TASK OBJECTIVE — The response must be the exact lines from the line holding "À partir du" through the end of the entries, with no pictures and nothing else.

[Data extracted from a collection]
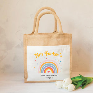 A lovely Personalised Teacher Lunch Bag in a natural colour with a special rainbow on the front to show how grateful we are to the teachers, especially at this time.
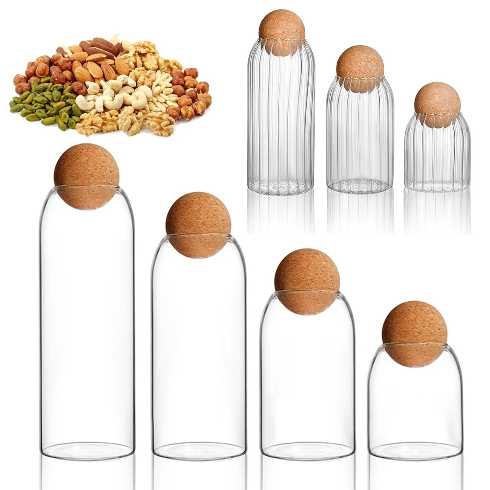 Стеклянная банка из пробки с открытым шариком, без свинца, с крышкой, емкость для хранения бутылок, герметичные чайные банки, зерновые прозрачные банки для хранения кофе
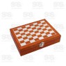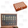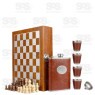 Kit cantil com copos e jogo de xadrez em caixa de madeira.
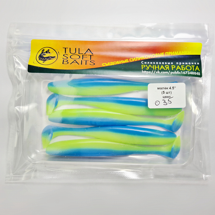 Силиконовые приманки "Малёк" - идеальный выбор для рыболовов, стремящихся к успешной ловле щуки и судака. Эти реалистичные приманки, выполненные из высококачественного силикона, обладают длиной 4,5 дюйма и привлекательной желто-голубой расцветкой, которая провоцирует хищника на атаку.
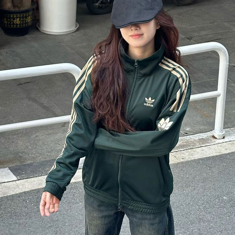 阿迪达斯三叶草绿色外套女春季新款宽松大码运动美式夹克开衫上衣
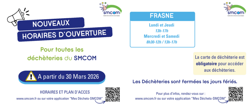 À partir du 30 mars 2026, toutes les déchèteries du SMCOM changent leurs horaires d’ouvertures.
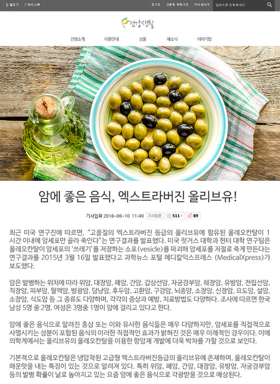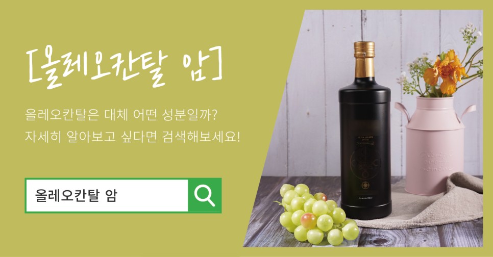 그래서 올리브 생식을 하려면 하루에 두 잔이나 소주 한 잔 정도의 양을 지켜야 한다는 것을 강조합니다. 누구나 같은 양의 올리브 오일을 먹어야 한다면 오레오칸탈 함유량이 가장 높은 올리브 오일을 먹는 것이 몸속으로 흡수되는 오레오칸탈의 양을 극대화할 수 있는 최선의 방법이 아닐까요?
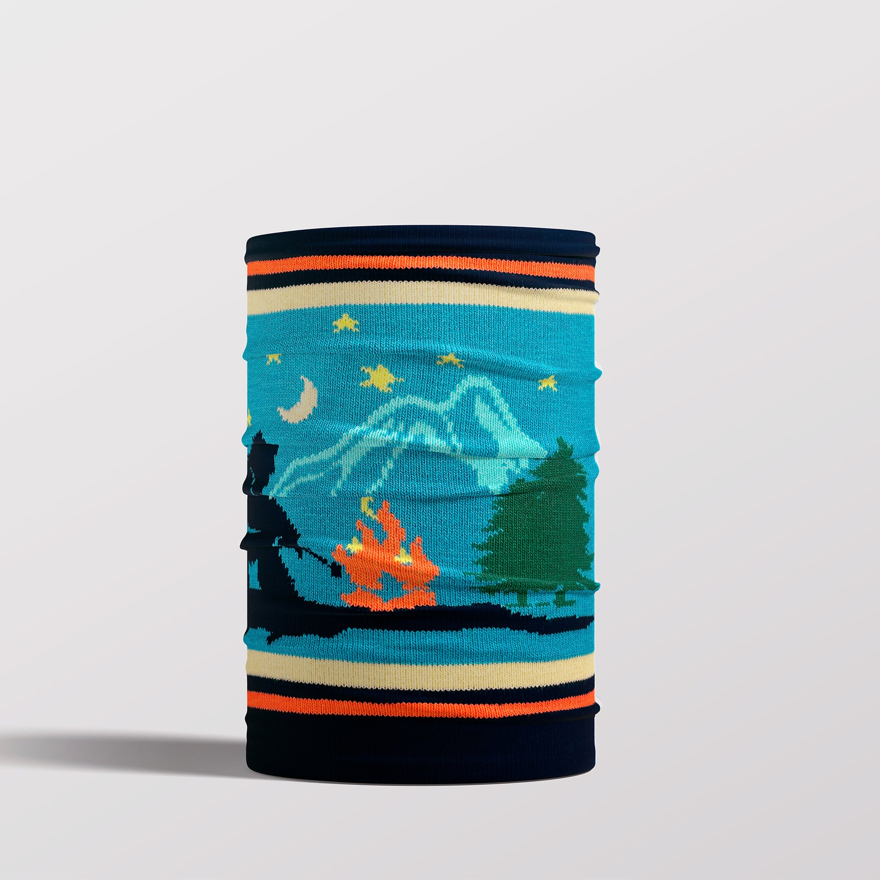 Embrace the mystery of the wilderness with this premium quality knitted scarf featuring the elusive Bigfoot by the campfire. Silhouetted against a moonlit mountain backdrop, this design speaks to the adventurer's spirit, celebrating stories whispered by the fire under a starry sky. Ideal for those who revel in the unknown and love bold outdoor experiences, this scarf is a cozy, stylish companion for winter journeys. With the pattern seamlessly knitted into the fabric, it reflects both durability and artisanal craftsmanship.
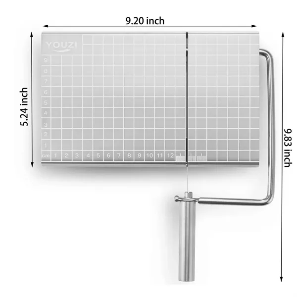 Description:Ham and Cheese Slicer with Scale. This cheese cutter is designed with a precise grid scale, making it easy to slice cheese into even portions. Its ergonomic design features a durable cast handle, perfect for cutting larger cheese blocks like mozzarella, Swiss, and Parmesan, as well as butter or handmade soap. Whether you want thin slices or thick cubes, this slicer allows for accurate cuts. Made from food-grade stainless steel, it’s easy to clean-just pop it in the dishwasher. With non-slip rubber feet for stability, it’s a must-have kitchen gadget for cheese lovers. Ideal for any cheese board or set!
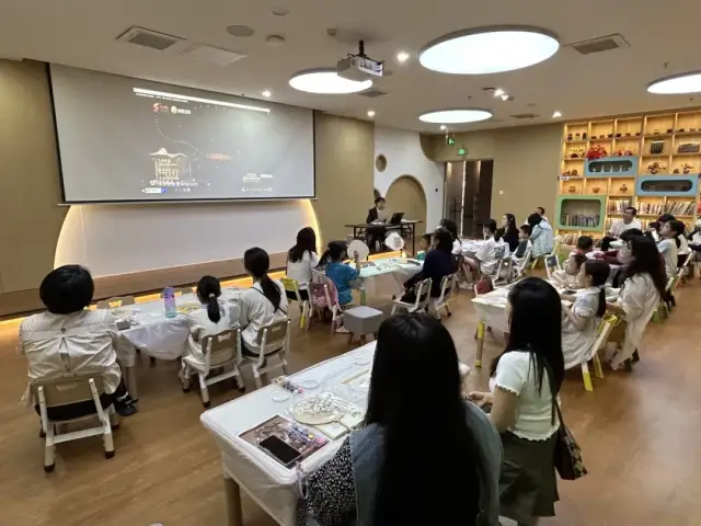 现场社教人员为大家讲述团扇的历史起源、形制与功能,带领大家鉴赏敦煌壁画中的团扇,了解敦煌壁画中九色鹿的故事、如意轮观音像的寓意、反弹琵琶的造型。
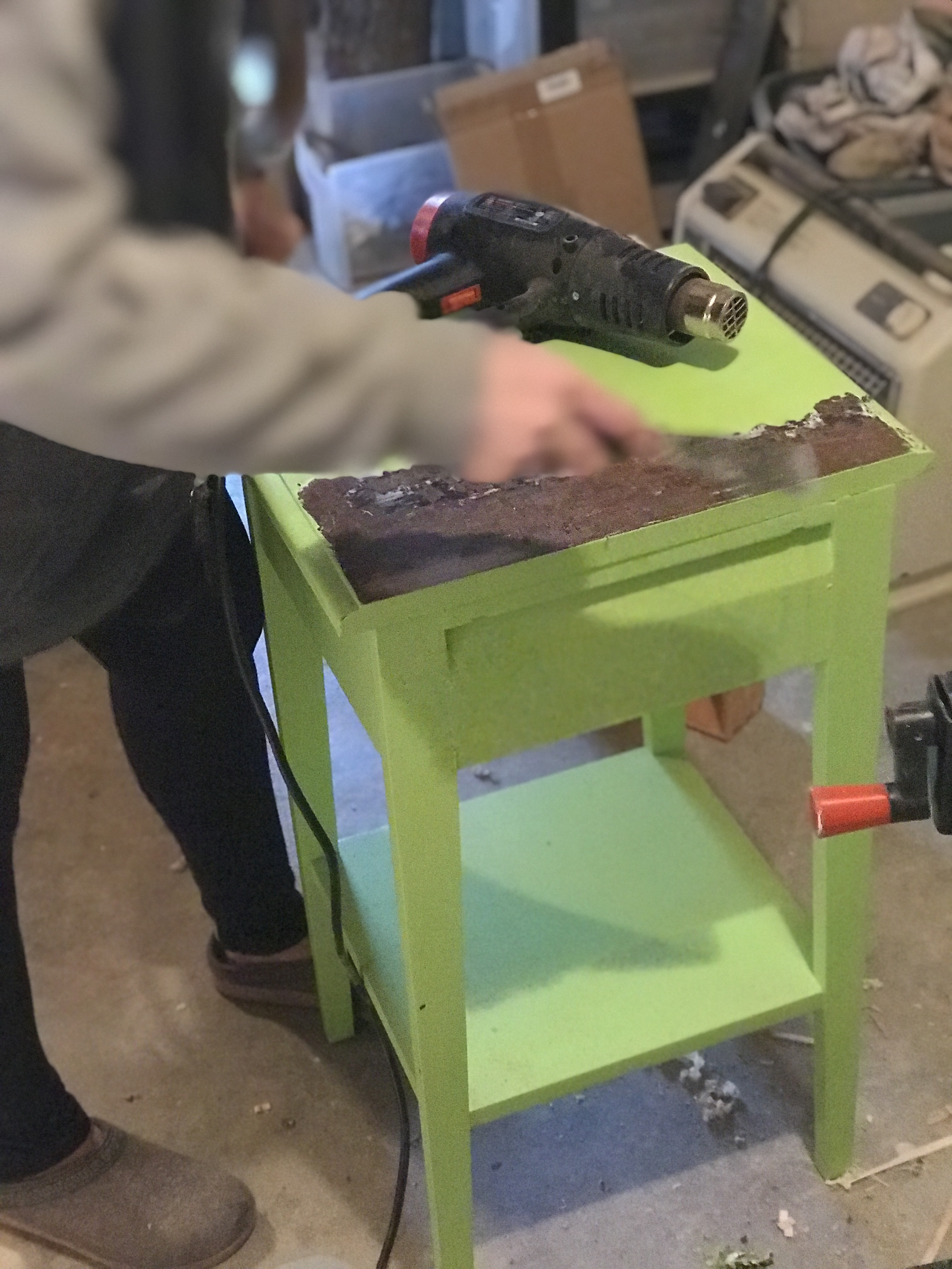 It was also time to start dismantling the turquoise desk that we got from a thrift store a couple of days ago.
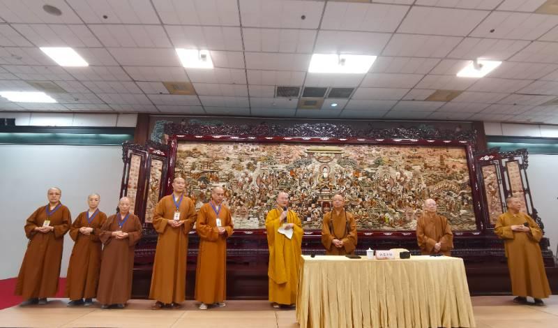 圖說:本性法師(右四)應佛光山方丈心保大和尚(右三)之邀,於2023佛光山海內外徒眾講習會上講話。(上趣創意延展有限公司提供)
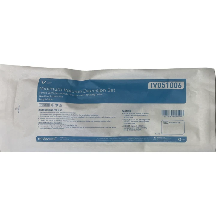 Mdevices IV Minimum Volume Extension Set with Needleless Access Site, non-return valve is 20cm in length. This set is lipid resistant and has a female luer lock to male luer lock with rotating collar. The set should always be primed prior to connecting to a peripheral catheter or access device on an IV administration set. For more information, click PDS and IFU.

ANSWER BOX —
 À partir du 30 mars 2026, toutes les déchèteries du SMCOM changent leurs horaires d’ouvertures.
 그래서 올리브 생식을 하려면 하루에 두 잔이나 소주 한 잔 정도의 양을 지켜야 한다는 것을 강조합니다. 누구나 같은 양의 올리브 오일을 먹어야 한다면 오레오칸탈 함유량이 가장 높은 올리브 오일을 먹는 것이 몸속으로 흡수되는 오레오칸탈의 양을 극대화할 수 있는 최선의 방법이 아닐까요?
 Embrace the mystery of the wilderness with this premium quality knitted scarf featuring the elusive Bigfoot by the campfire. Silhouetted against a moonlit mountain backdrop, this design speaks to the adventurer's spirit, celebrating stories whispered by the fire under a starry sky. Ideal for those who revel in the unknown and love bold outdoor experiences, this scarf is a cozy, stylish companion for winter journeys. With the pattern seamlessly knitted into the fabric, it reflects both durability and artisanal craftsmanship.
 Description:Ham and Cheese Slicer with Scale. This cheese cutter is designed with a precise grid scale, making it easy to slice cheese into even portions. Its ergonomic design features a durable cast handle, perfect for cutting larger cheese blocks like mozzarella, Swiss, and Parmesan, as well as butter or handmade soap. Whether you want thin slices or thick cubes, this slicer allows for accurate cuts. Made from food-grade stainless steel, it’s easy to clean-just pop it in the dishwasher. With non-slip rubber feet for stability, it’s a must-have kitchen gadget for cheese lovers. Ideal for any cheese board or set!
 现场社教人员为大家讲述团扇的历史起源、形制与功能,带领大家鉴赏敦煌壁画中的团扇,了解敦煌壁画中九色鹿的故事、如意轮观音像的寓意、反弹琵琶的造型。
 It was also time to start dismantling the turquoise desk that we got from a thrift store a couple of days ago.
 圖說:本性法師(右四)應佛光山方丈心保大和尚(右三)之邀,於2023佛光山海內外徒眾講習會上講話。(上趣創意延展有限公司提供)
 Mdevices IV Minimum Volume Extension Set with Needleless Access Site, non-return valve is 20cm in length. This set is lipid resistant and has a female luer lock to male luer lock with rotating collar. The set should always be primed prior to connecting to a peripheral catheter or access device on an IV administration set. For more information, click PDS and IFU.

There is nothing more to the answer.